Да. Так о чем это я?

О том, что Саша не мог даже сэкономить на табаке. Но не это главное. Главное, что недостающие сто десять рублей надо было где-то брать, как-то восполнить, бюджет сокращать было некуда, а у Саши был как раз диплом, и мама запретила ему грузить мешки или рисовать в учреждениях стенгазеты, потому что диплом был непростой. В порядке эксперимента пять наилучших дипломников должны были поехать в Италию на стажировку, как в добрые старые времена посылала Академия художеств. Туда, «где негой Юга дышит небосклон, где дремлет мирт, где лавр заворожен». Мама взяла ночные дежурства на неотложке. Она умерла, а Саша не поехал на стажировку, но не поэтому, а просто не попал в счастливую пятерку, хотя за диплом получил «отлично».



У родителей жены было все наоборот: и зарабатывали хорошо, и ни на что не претендовали. Тесть, после какой-то большой неприятности – что за неприятность, об этом в семье не говорили, – ушел из инженеров в рабочий класс. Так, из принципа – инженер, бауманец, сын инженера и внук инженера, а двоюродный дедушка вообще дореволюционный академик, строитель Николаевской судоверфи. Сами видите – потомственный интеллигент, а вот пожалуйста: всю пятилетку две нормы в смену, а почему? А потому, что интеллигентный человек, руки к правильному месту приделаны. Потом он стал бригадиром, а там пошел бригадный подряд, хозрасчет и все такое, так что с деньгами было все в порядке. Тем более что ни он, ни теща не стремились ни к чему этакому – жили в хрущевской кирпичной пятиэтажке в двухкомнатной квартире, сытно ели, добротно одевались, ездили отдыхать по путевкам со скидкой, так что с первым взносом на кооператив помогли безо всякой натуги и даже к новоселью подарили телевизор, он до сих пор работает, старый ламповый «Рубин».
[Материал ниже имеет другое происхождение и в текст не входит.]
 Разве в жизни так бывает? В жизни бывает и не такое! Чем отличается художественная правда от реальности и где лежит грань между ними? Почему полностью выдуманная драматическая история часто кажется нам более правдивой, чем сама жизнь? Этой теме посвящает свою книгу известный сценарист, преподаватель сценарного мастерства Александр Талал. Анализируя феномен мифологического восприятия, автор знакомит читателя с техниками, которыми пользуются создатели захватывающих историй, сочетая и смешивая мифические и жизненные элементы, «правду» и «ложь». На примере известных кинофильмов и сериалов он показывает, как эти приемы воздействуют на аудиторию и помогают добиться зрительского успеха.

С кооперативом тоже пришлось нахлебаться. В квартире жили тесть с тещей и двумя дочерьми – у Сашиной жены была старшая сестра. Четыре человека на жилой площади тридцать три метра. Восемь на человека, о постановке на учет и речи быть не могло – ставили, если меньше пяти метров на нос. Даже с кооперативом не проходило из-за этих лишних метров. Саша возмущался: «Безобразие, человек хочет купить себе квартиру на свои деньги!» «На свои, на свои…» – мимоходом вздыхала старшая сестра жены, ибо известно было, что три четверти первого взноса одалживает тесть. Саша пытался вскочить из-за стола, тесть клал ему на плечо крепкую руку, сажал на место. «Действительно, безобразие», – соглашался он, строго и прямо глядя на старшую дочь, а та громко выходила из кухни, что-то хмыкая своей младшей сестрице – нашла, мол, себе сокровище голоштанное. Сама она так и не вышла замуж.
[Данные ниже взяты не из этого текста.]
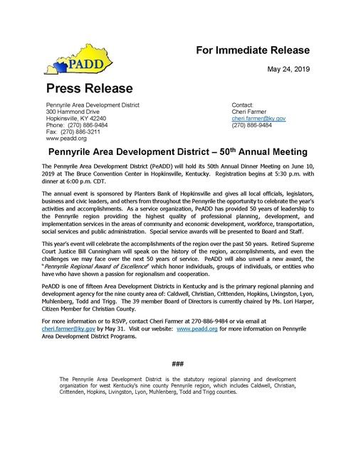 The Pennyrile Area Development District (PeADD) will hold its 50th Annual Dinner Meeting on June 10, 2019 at The Bruce Convention Center in Hopkinsville, Kentucky. Registration begins at 5:30 p.m. with dinner at 6:00 p.m. CDT.
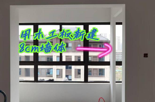 2、新建墙体并蔓延至与阳台墙垛王人平,方便装配隔断门,以及让里面深度达到145cm。
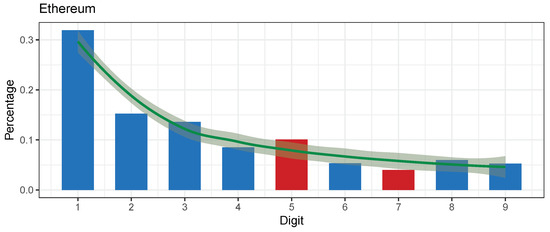 Our research experiment started with gathering all transactions on the Ethereum (ETH) network. Ethereum was chosen for these properties: It is one of the biggest cryptocurrencies by market capitalization and number of transactions processed; the network houses multiple cryptocurrencies (tokens) that could be compared directly (this part of the experiment is still open); and it is a well-documented and accessible blockchain. The first preliminary results revealed that transaction values (non-aggregated) of the whole Ethereum network do not conform to Benford’s law [1] as is presented in Figure 2. Blue color depicts the leading digits that conform to Benford’s law, red color depicts the non-conforming digits. The reasoning is further discussed in Section 4.1.

Саша не хотел выписываться из родительской квартиры. Мама умерла, а отец, хоть и покупал себе перчатки в тон ботинкам, но вообще здорово сдал, одряхлел, и жалко было, что квартира пропадет. А еще жальче, что отец мог выкинуть какую-нибудь стариковскую штуку: однажды, зайдя к нему в воскресенье, Саша застукал его с окномойщицей из фирмы «Заря». Ей было двадцать четыре года, сама из Нижнеудинска – эк ближние концы! – а Николаю Алексеевичу просто помогает, у него столько книжек, он такой интересный человек, и пожалуйста, не надо думать ничего плохого, у нее жених-офицер, служит в Мурманске… Скупость, давняя скупость взыграла в Саше, опять захотелось выгадать, сэкономить, и уж конечно, не хотелось быть благодетелем нижнеудинской феи и ее жениха-офицера.
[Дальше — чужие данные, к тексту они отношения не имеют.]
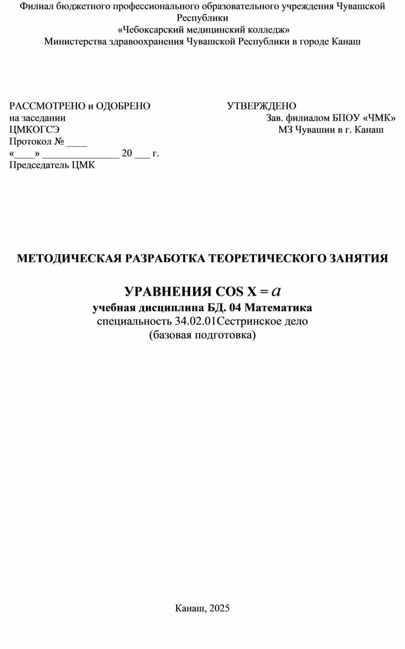 утверждено Зав. филиалом БПОУ «ЧМК» МЗ Чувашии в г. Канаш
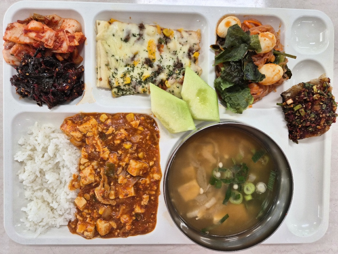 팽이버섯된장국(5.6.8.9.18) 삼치구이*양념장(자율)(5.6) 실곤약메추리알무침(1.5.6.13) 마파두부덮밥(5.6.10.12.13.18) 트리플사각조각피자(1.2.5.6.10.12.13.15.16) 배추김치(완제)(9) *고들빼기김치(자율)(9) 멜론(협약)
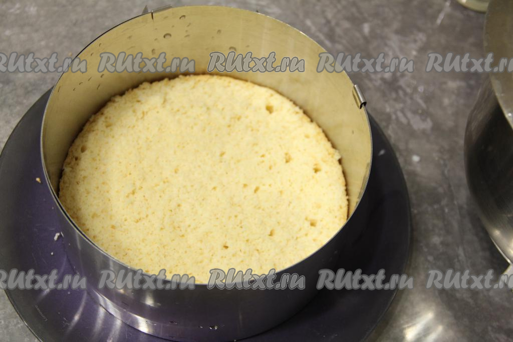 Выложить первый корж в форму и пропитать его молоком.

Однако из квартиры пришлось выписываться, потому что отец не желал ее разменивать. «Об этом не может быть и речи!» – он взмахивал рукой, отметая любые прекословия. Но прописать туда Сашину жену тоже не хотел. Хотя впрямую не отказывал. «Мне не так просто на это решиться, – говорил он. – Я не хочу на старости лет оказаться в коммуналке». «Да мы же не собираемся здесь жить. Это так, на всякий случай». «На какой такой всякий случай? Понимаю, понимаю, – саркастически хохотал отец. – Но я не обижаюсь, люди смертны, и я в том числе, – он надменно щурился. – Я опасаюсь не смерти, а жизни, сын мой. Вдруг, представь себе, ты разведешься с женой?» – «И что?» – «И тогда она будет иметь полное право врезать замок и повесить на кухне график уборки мест общего пользования! А вот этого я бы не хотел». «Господи! – чуть не выл Саша. – Да она интеллигентный человек!» – «Верю». – «Да мы не собираемся разводиться!» – «Верю. Но мне надо все взвесить… Не торопи меня, не понукай».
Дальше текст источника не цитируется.